EX-3.1 2 dex31.htm ARTICLE V OF SAVVIS, INC. AMENDED AND RESTATED BYLAWS. Article V of SAVVIS, Inc. Amended and Restated Bylaws.

EXHIBIT 3.1

AMENDMENT TO

AMENDED AND RESTATED

BYLAWS

The Amended and Restated By-laws are hereby amended as set forth below, effective as of May 10, 2007:

1. Article V. Stock is hereby amended and restated in its entirety to read as follows:

“Section 5.1. Stock Certificates and Uncertificated Shares. The interest of every holder of stock in the Corporation shall be evidenced by a certificate or certificates signed in the name of the Corporation by the Chairman or Vice Chairman of the Board of Directors, if any or the President or a Vice President, and by the Treasurer or an Assistant Treasurer, or the Secretary or an Assistant Secretary, of the Corporation certifying the number of shares owned by him in the Corporation. If such certificate is manually signed by one officer or manually countersigned by a transfer agent or by a registrar, any other signature on the certificate may be a facsimile. In case any officer, transfer agent or registrar who has signed or whose facsimile signature has been placed upon a certificate shall have ceased to be such officer, transfer agent or registrar before such certificate is issued, it may be issued by the Corporation with the same effect as if he were such officer, transfer agent or registrar at the date of issue. The foregoing notwithstanding, the Board of Directors may provide by resolution or resolutions that some or all of any or all classes or series of stock of the Corporation be represented by uncertificated shares. Any such resolution shall not apply to shares represented by a certificate until such certificate is surrendered to the Corporation. Within a reasonable time after the issuance or transfer of uncertificated stock, the Corporation shall send to the registered owner thereof a written notice containing the information required by law to be set forth or stated on certificates representing shares of such class or series or a statement that the Corporation will furnish without charge to each stockholder who so requests the powers, designations, preferences and rights of such class or series and the qualifications, limitations or restrictions of such preferences and/or rights. Except as otherwise provided by law, the rights and obligations of the holders of uncertificated shares and the rights and obligations of the holders of certificates representing shares of stock of the same class and the same series shall be identical.
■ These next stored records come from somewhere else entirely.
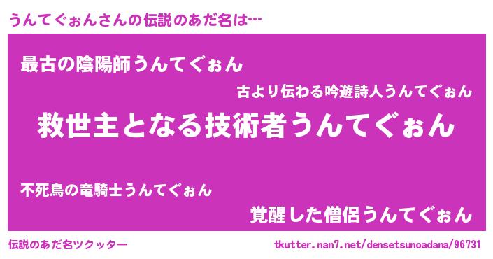 | 意味不明あだ名 | 『住所不定無職うんてぐぉん(9歳)』 |
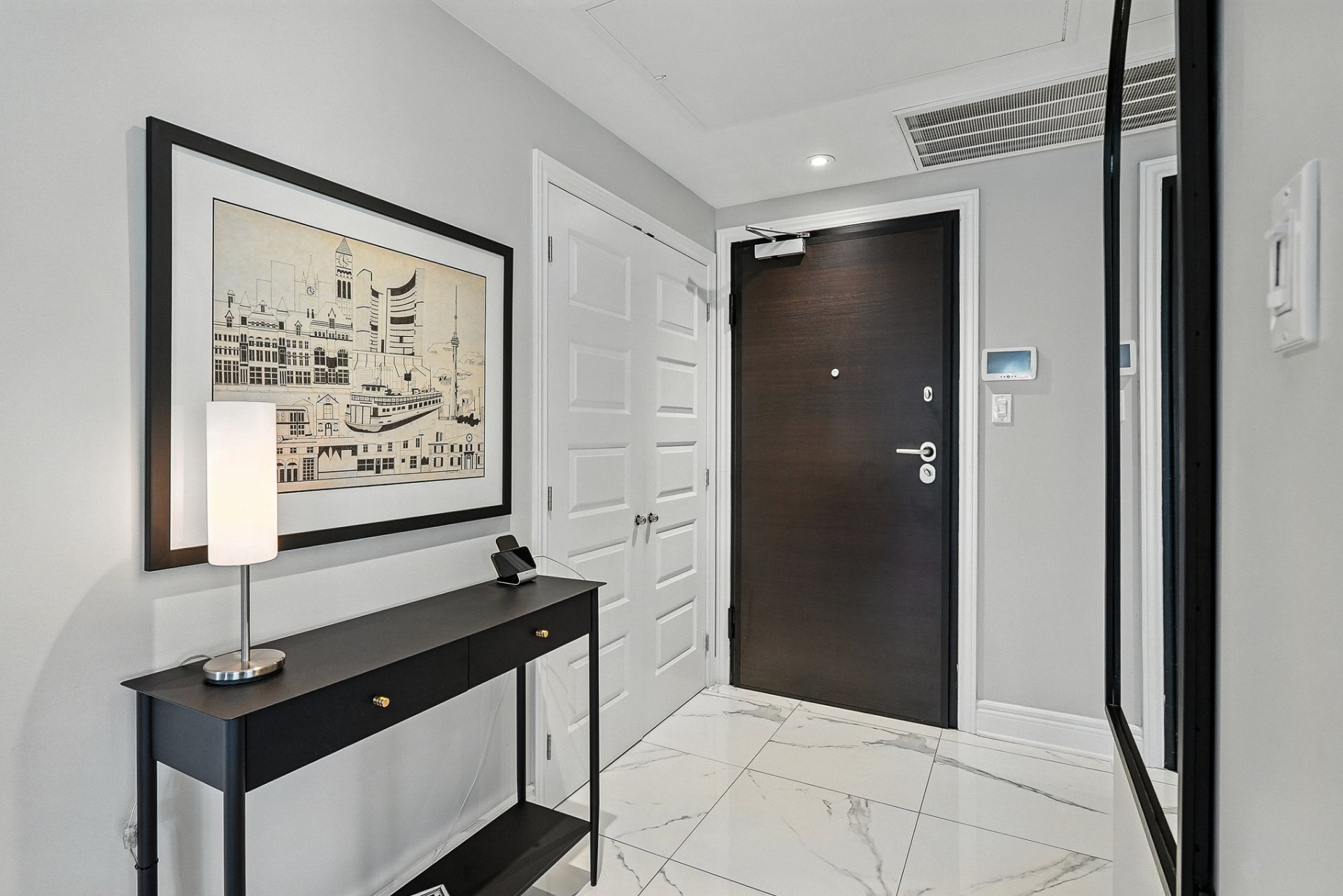 La porte d'entrée du condo, en bois et acier avec système de verrouillage multiple, rehausse la sécurité.
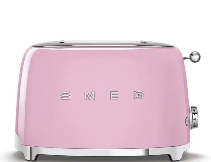 Różowy toster SMEG został zaprojektowany z dbałością o najmniejsze detale. Obudowa urządzenia jest wykonana z trwałej stali lakierowanej, a stabilna podstawa oraz pokrętło regulujące moc grzałki są chromowane. Toster jest wyposażony w ergonomiczną dźwignię aktywującą cykl, a także szerokie kieszenie, które pomieszczą kromki i przekrojone na pół bułki. Całość została utrzymana w wyjątkowej estetyce w stylu lat 50.
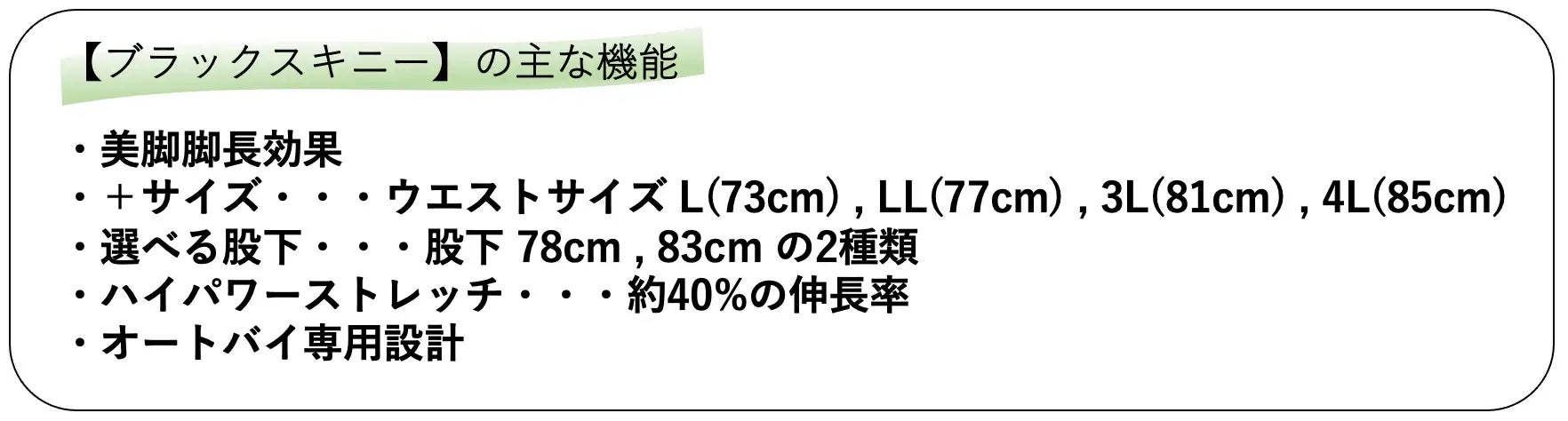 ウエストサイズは、S(65cm) , M(69cm) ,L(73cm) , LL(77cm) , 3L(81cm) , 4L(85cm) の6サイズから選べます。股下は 78cm ,83cm の2サイズから選べます。【日本人女性専用設計】ですので、ご自身の体型に合わせてブラックスキニーを穿いて頂きバイクライフをよりオシャレに快適にして頂ければと思います。

Section 5.2. Lost, Stolen or Destroyed Stock Certificates; Issuance of New Certificates. The Corporation may issue a new certificate of stock or uncertificated shares in the place of any certificate theretofore issued by it, alleged to have been lost, stolen or destroyed, and the Corporation may require the owner of the lost, stolen or destroyed certificate, or his legal representative, to give the Corporation a bond sufficient to indemnify it against any claim that may be made against it on account of the alleged loss, theft or destruction of any such certificate or the issuance of such new certificate.”

2. The Bylaws shall be unchanged in all other respects.